In re Buszard (Fed. Cir. 2007)
The Buszard application is directed to a flame retardant composition that includes a flexible polyurethane foam base. The PTO Patent Appeal Board rejected Buszard’s patent application as anticipated by a prior patent.
On appeal, the CAFC reversed — Judge Newman penned the opinion that focused on the PTO’s practice of giving claims their ‘broadest reasonable interpretation.’
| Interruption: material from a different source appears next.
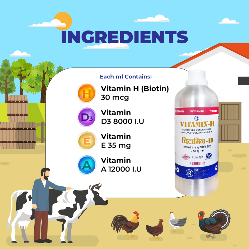 itamin H Supplement for Cow, Cattle, Buffalo, Goat, Chicks, Chicken, Poultry and Livestock Animals, 1 LTR, Pack of 4, Reshell H Lite

“Buszard’s specification and claims specifically state the requirement of a flexible polyurethane foam…. No matter how broadly “flexible foam…” is construed, it is not a rigid foam…. The [cited prior art] reference describes only a rigid foam reaction mixture that produces a rigid product. Only by mechanically crushing the rigid product into small particles is it rendered flexible, as a rock can be mechanically crushed to produce particles of sand. This description cannot reasonably be construed to describe, and thus to “anticipate,” the flexible foam product of a flexible foam reaction mixture. We agree with Buszard that it is not a reasonable claim interpretation to equate “flexible” with “rigid,” or to equate a crushed rigid polyurethane foam with a flexible polyurethane foam.”
Interestingly, Judge Newman’s claim construction intertwines analysis of the claim language with analysis of the scope of prior art disclosure. Although the PTO may give an applicant’s claims broad interpretation — the scope of the prior art cannot extend beyond its disclosure.
Judge Prost dissented. In Prost’s view, any ambiguities in patent claim terms should be construed against the patentee during prosecution of the patent. That approach avoids the usual ‘guessing game’ of Phillips-style claim construction and it is quite easy for an applicant to make clarifying amendments to claim language.